With the aid of trips to third world countries over the years, I have been awakened to the fact that we have bought into a great deception. Recently I met with a group of Christians to hear a man speak who is a pastor and teacher from India. He gave the typical missionary presentation about his work among his people. At the conclusion of his talk, I asked him why God was moving in power, signs and wonders in the third world but not in America. We hear a lot of talk about signs and wonders but really see little of the actual thing.
The Indian pastor replied by telling me a little about his own life. When he was a child, his family lived in a one room house. The floor was covered with dried cow dung. There was no furniture other than bamboo mats that were rolled out on the dung floor to sleep on at night. He claimed his bed was much more comfortable than the padded, carpeted floor under my feet. All of his family live in that same village and most Indians to this day do not travel more than eight to ten miles from their ancestral home.
What did all of this have to do with my original question? He went on to say in their simple culture, people pursued the spiritual more than the material. In our culture, we pursue the American lifestyle first. then the spiritual. He felt this difference made the gospel succeed in his country, with signs and wonders following. We have been very successful in gaining what we have sought. They wanted only enough of the material to keep the body and family together; their greater quest was for spiritual well being. Thus when the Gospel is preached and taught, the people see the kingdom of God first and desire to attain it. Here in America, the Gospel is an add-on to our lives and we expend our resources and energies first to attain our lifestyle.
This answer reinforced my suspicion that the Gospel of Jesus in its original third world setting -- Israel -- is not what I have heard preached and taught for the most part in America.
Going back through the Gospels with the perspective of a people seeking the spiritual first, I could see the words of Christ were more readily received by hungry hearts than those materially fat. Jesus said, "Blessed are ye poor: for yours is the kingdom of God" (Luke 6:20, KJV). "It is easier for a camel to go through the eye of a needle than for a rich man to enter the kingdom of heaven" (Matthew 19:24, KJV). Or how about, "You say that you are rich and increased with goods... but I say you are poor, miserable, blind, and naked...buy of me..."
We in America have missed it. "Close but no cigar." We seek first the American lifestyle, then expect the spiritual blessings to come pouring in as well. Isn't it interesting that the Hebrews 11 account of great men and women of the faith lists persecution, rejection, and poverty as their normal condition?

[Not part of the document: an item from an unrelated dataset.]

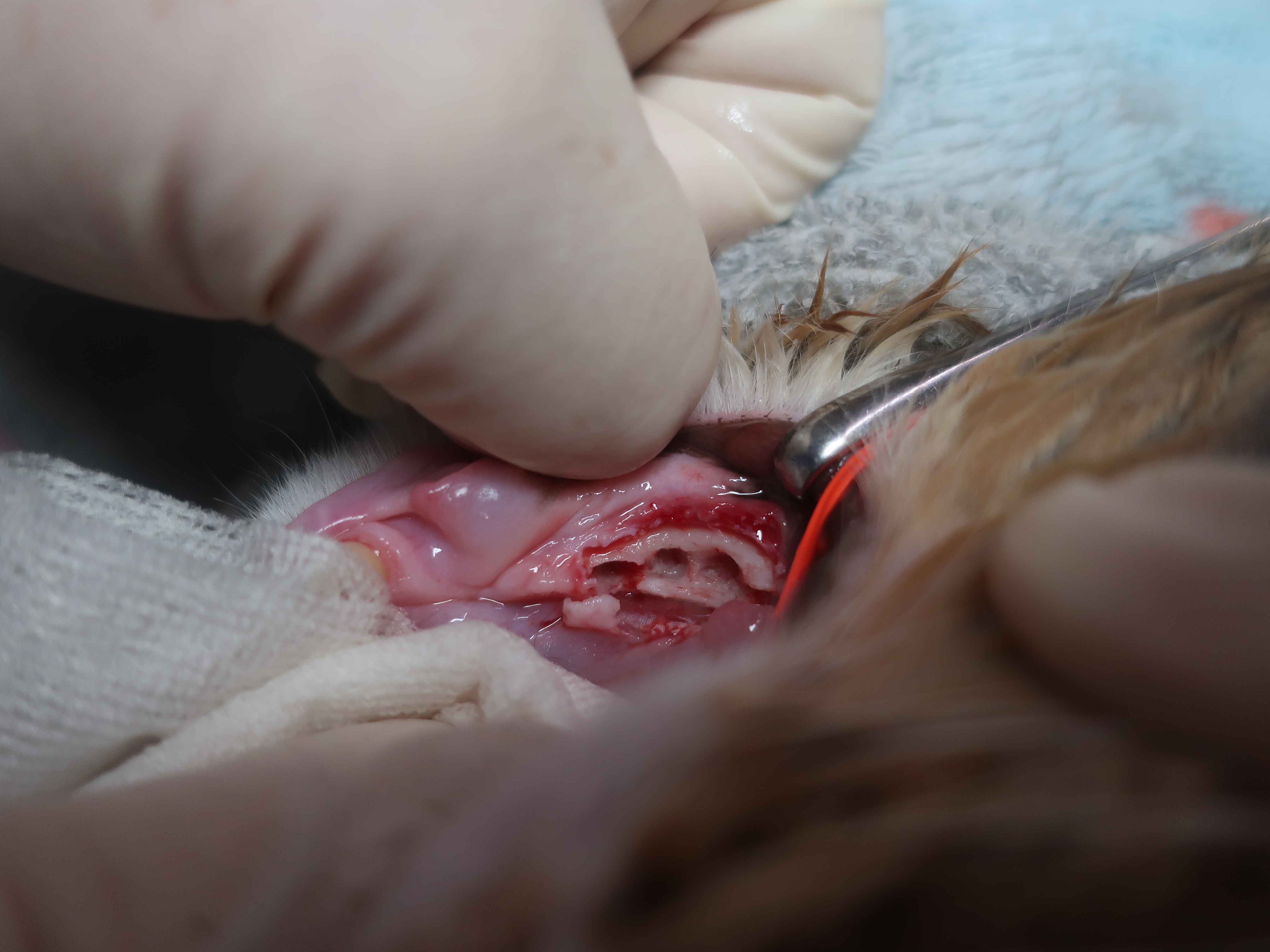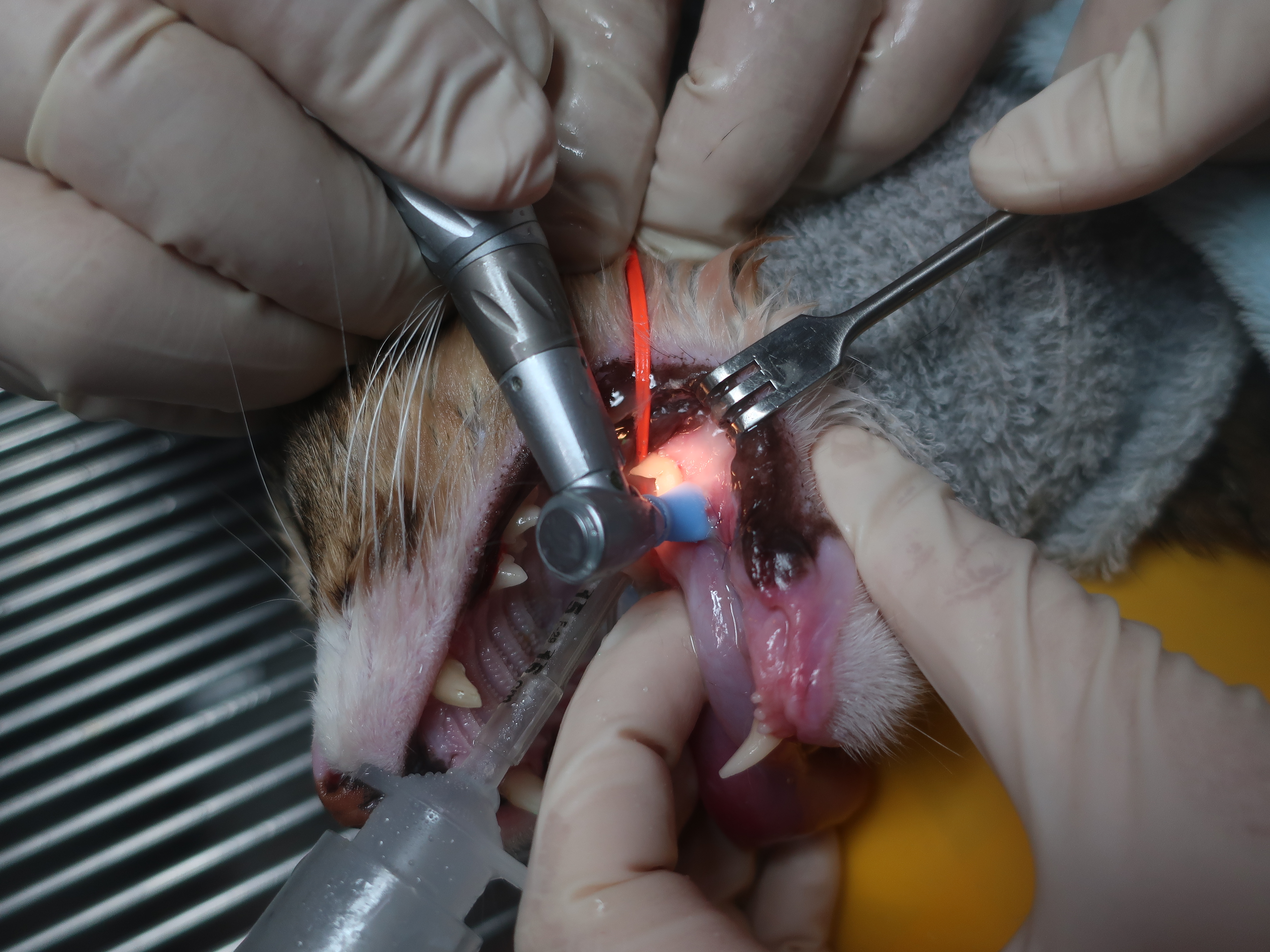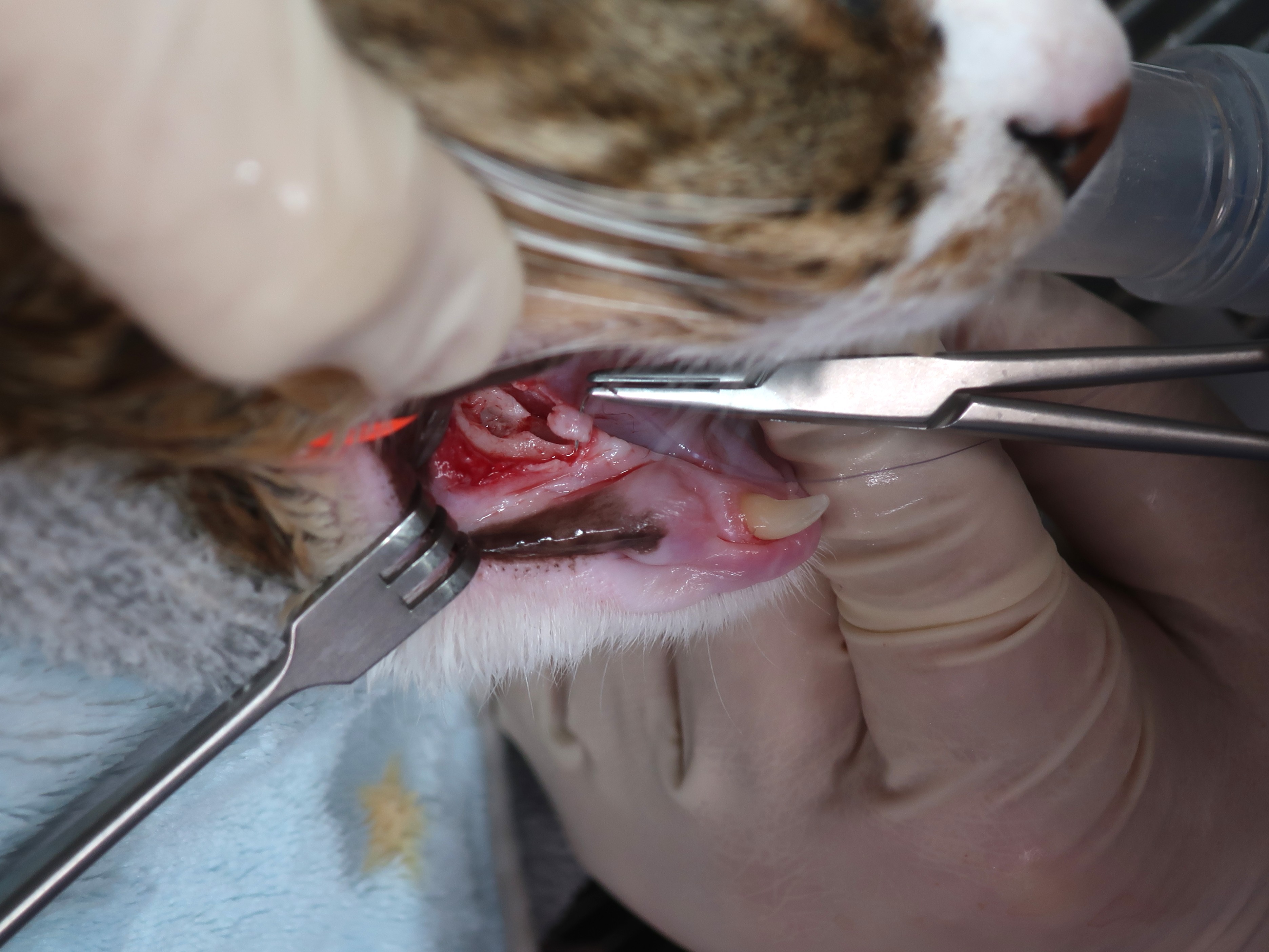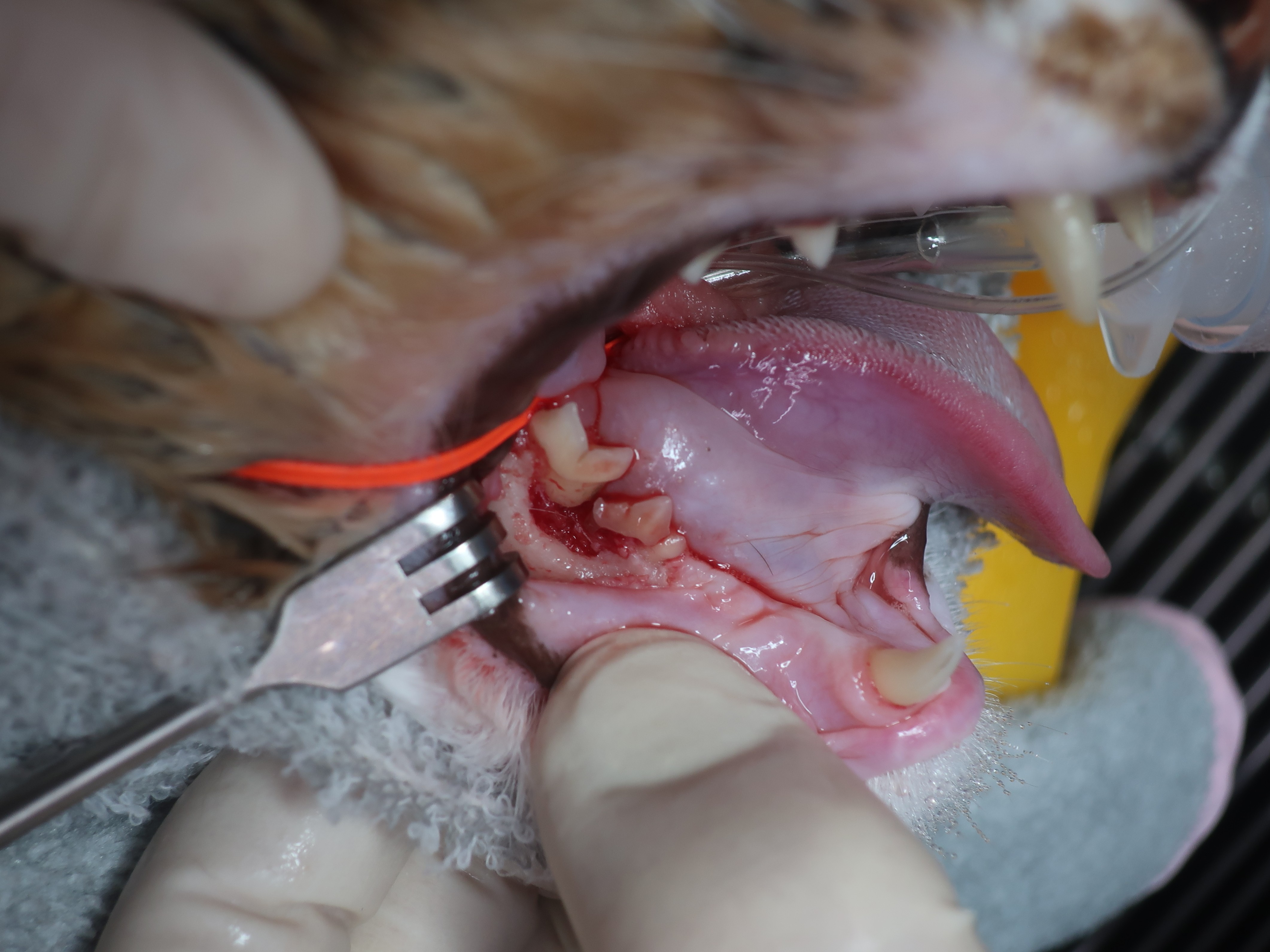歯が汚れている<歯周病・破歯細胞性吸収病巣>(猫 mix 年令不明)歯科症例186‐② 歯科症例186-①へ 右下顎第2前臼歯と第1後臼歯の抜歯・洗浄・歯肉のトリミング この歯は多根歯ですので、分割してから抜歯を行いました。。 左下顎第1前臼歯の歯冠切除・洗浄・トリミング・縫合 ルートプレーニング ポリッシング 歯科用軟膏の注入 →当院の歯科処置について詳しくはこちらをご覧ください。 歯科症例186-③へ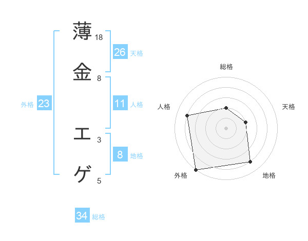 薄金 エゲさんを姓名の画数から五運を鑑定

Because he [Moses] preferred rather to share the oppression and bear the shame of the people of God than to have the fleeting enjoyment of a sinful life. He considered the contempt and abuse and shame born for the Christ, the Messiah, to be greater wealth than all the treasures of Egypt. (Hebrews 11:25-26, Amplified Bible).
Others had to suffer the trial of mocking and scourging, and even chains and imprisonment. They were stoned to death; they were lured with tempting offers to renounce the faith; they were sawn asunder; they were slaughtered by the sword; [while they were alive] they had to go about wrapped in the skins of sheep and goats, utterly destitute, oppressed and cruelly treated. [Men] of whom of world was not worthy, roaming over the desolate places and the mountains and living in caves and caverns and holes in the earth. (Hebrews 11:36-38, AB)
Does this sound like any Christians you know? Did I hear you say, "Well, that was something they went through so we could have the gravy." Jesus said to the Pharisees, the religious people of his day, "Do ye not therefore err, because you know not the scriptures, neither the power of God." (Mark 12:24, KJV).
Paul warned Timothy, "In fact, all who desire to live a godly life in Christ Jesus will be persecuted." (2 Tim 3:12 NIV). Did Paul say all? Judging by our materialistic lifestyles and our pursuit of comfort, many of us have yet to truly "desire to live godly lives in Christ Jesus."
We have been so steeped in our pursuit of happiness that we have equated the inalienable right to an American lifestyle with godliness. The Apostle warned us that "men of corrupt minds and destitute of the truth" would teach that "gain is godliness." He admonished us "from such withdraw thyself. But godliness with contentment is great gain." (I Timothy 6:5,6, KJV).
The pursuit of comfort and happiness has so captivated our minds that we even have great "teachers of Christianity" who spend countless hours convincing us it is God's only desire to make us happy, healthy, and wealthy. These same teachers also tell us God will not let us suffer through the Tribulation. (These men fail to see the dividing line between the tribulation and God's outpoured wrath, which the church will not experience.)
Paul's prophecy has been fulfilled. "For the time is coming when [people] will not tolerate (endure) sound and wholesome instruction, but having ears itching [for something pleasing and gratifying] they will gather to themselves one teacher after another to considerable numbers, chosen to satisfy their own liking and to foster the errors that they hold, and will turn aside from hearing the truth and will wander off into myth and manmade fictions. As for you, be calm and cool and steady, accept and suffer unflinchingly every hardship..." (II Timothy 4:3-5, Amplified). Did he say hardship?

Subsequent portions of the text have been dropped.